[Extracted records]

--- START ---

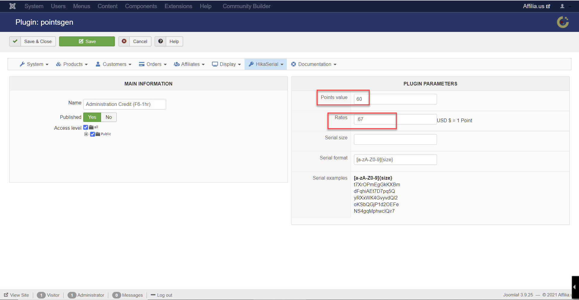 Please note that if you want the customer to earn directly the points on order confirmation, you need to use the HikaShop user points plugin, not the HikaSerial generator/consumer ones.
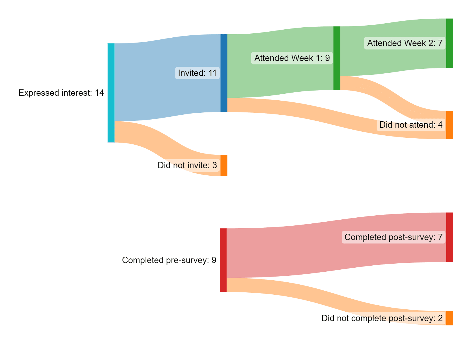 We kept track of participant flow and experience throughout the course, and checked up on issues that arose during the course activities
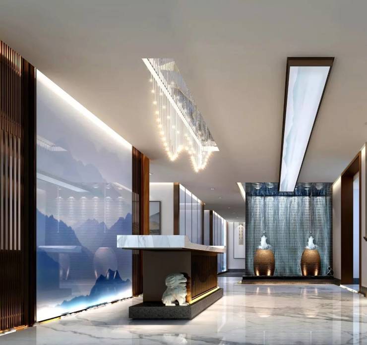 項(xiàng)目采用了禪意文化的手法進(jìn)行設(shè)計(jì),這個(gè)空間即融入了中國(guó)傳統(tǒng)風(fēng)格文化與現(xiàn)代時(shí)尚之中,既有中式的古香古色,又有現(xiàn)代的簡(jiǎn)單自然,東方韻味在現(xiàn)代的背景下若隱若現(xiàn),簡(jiǎn)約的中式造型與現(xiàn)代形式轉(zhuǎn)變?yōu)槭孢m,實(shí)用,為現(xiàn)代辦公設(shè)計(jì)重重的添了一份古典的韻味。禪意辦公室大廳設(shè)計(jì):以現(xiàn)代手法將古典語(yǔ)言融入中式意境,整個(gè)空間散發(fā)出悠然禪文化。頂上一通而過(guò)燈飾造型,如同一條河流,在對(duì)面機(jī)刨石上如瀑布般潺潺流下,兩個(gè)古樸的老缸不停地冒著噴泉。用較少即多的表現(xiàn)方式直接明了的體現(xiàn)了整個(gè)空間文化氛圍,留白的墻,黑色原始頂,現(xiàn)代中式家具與禪意的辦公桌,在現(xiàn)代與傳統(tǒng)的相碰中呈現(xiàn)出了一個(gè)既有文化又有時(shí)尚感的辦公空間。
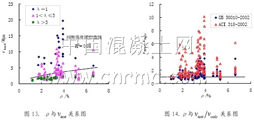 縱向鋼筋除了直接提供銷栓力以外,還使梁的中和軸降低,從而加大了斜裂縫頂部混凝土受壓區(qū)高度,間接提高梁的抗剪承載力。圖13 給出了縱筋與抗剪強(qiáng)度之間的關(guān)系,可見隨著縱筋配筋率的增加,梁的抗剪強(qiáng)度增大,但是數(shù)據(jù)離散性很大,縱筋配筋率與梁的抗剪強(qiáng)度的相關(guān)性較差。圖中還顯示對于小剪跨比的梁,縱筋配筋率對抗剪強(qiáng)度影響較大,但是當(dāng)剪跨比λ > 3時,增大縱筋率對梁的抗剪承載力幾乎沒有影響。圖14 則表明了梁抗剪強(qiáng)度試驗(yàn)值與計算值的比值隨縱筋配筋率之間的關(guān)系,圖中無論是用中國規(guī)范還是用ACI 規(guī)范計算,均有部分?jǐn)?shù)據(jù)點(diǎn)落在了vtest/vcalc=1以下,
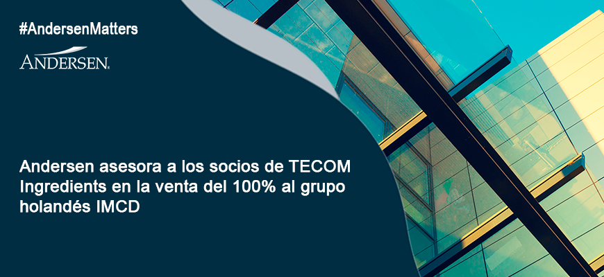 Andersen ha asesorado a los socios de TECOM Ingredients S.L., distribuidor de ingredientes y aditivos para la industria alimentaria ubicado en Molins de Rei (Barcelona), en la venta del 100% del capital social al grupo holandés IMCD N.V. Con esta operación, TECOM se convierte en una empresa líder en su sector e IMCD —compañía cotizada en Países Bajos y líder mundial en la distribución y formulación de especialidades químicas e ingredientes— consolida su posicionamiento en el mercado ibérico y amplía su porfolio de ingredientes.

--- END ---

▶ [Aim of the task]
The answer must consist solely of the lines from the one with "縱向鋼筋除了直接提供銷栓力以" through the final line of the data, each reproduced exactly and with pictures omitted.

▶ [Written reply]
 縱向鋼筋除了直接提供銷栓力以外,還使梁的中和軸降低,從而加大了斜裂縫頂部混凝土受壓區(qū)高度,間接提高梁的抗剪承載力。圖13 給出了縱筋與抗剪強(qiáng)度之間的關(guān)系,可見隨著縱筋配筋率的增加,梁的抗剪強(qiáng)度增大,但是數(shù)據(jù)離散性很大,縱筋配筋率與梁的抗剪強(qiáng)度的相關(guān)性較差。圖中還顯示對于小剪跨比的梁,縱筋配筋率對抗剪強(qiáng)度影響較大,但是當(dāng)剪跨比λ > 3時,增大縱筋率對梁的抗剪承載力幾乎沒有影響。圖14 則表明了梁抗剪強(qiáng)度試驗(yàn)值與計算值的比值隨縱筋配筋率之間的關(guān)系,圖中無論是用中國規(guī)范還是用ACI 規(guī)范計算,均有部分?jǐn)?shù)據(jù)點(diǎn)落在了vtest/vcalc=1以下,
 Andersen ha asesorado a los socios de TECOM Ingredients S.L., distribuidor de ingredientes y aditivos para la industria alimentaria ubicado en Molins de Rei (Barcelona), en la venta del 100% del capital social al grupo holandés IMCD N.V. Con esta operación, TECOM se convierte en una empresa líder en su sector e IMCD —compañía cotizada en Países Bajos y líder mundial en la distribución y formulación de especialidades químicas e ingredientes— consolida su posicionamiento en el mercado ibérico y amplía su porfolio de ingredientes.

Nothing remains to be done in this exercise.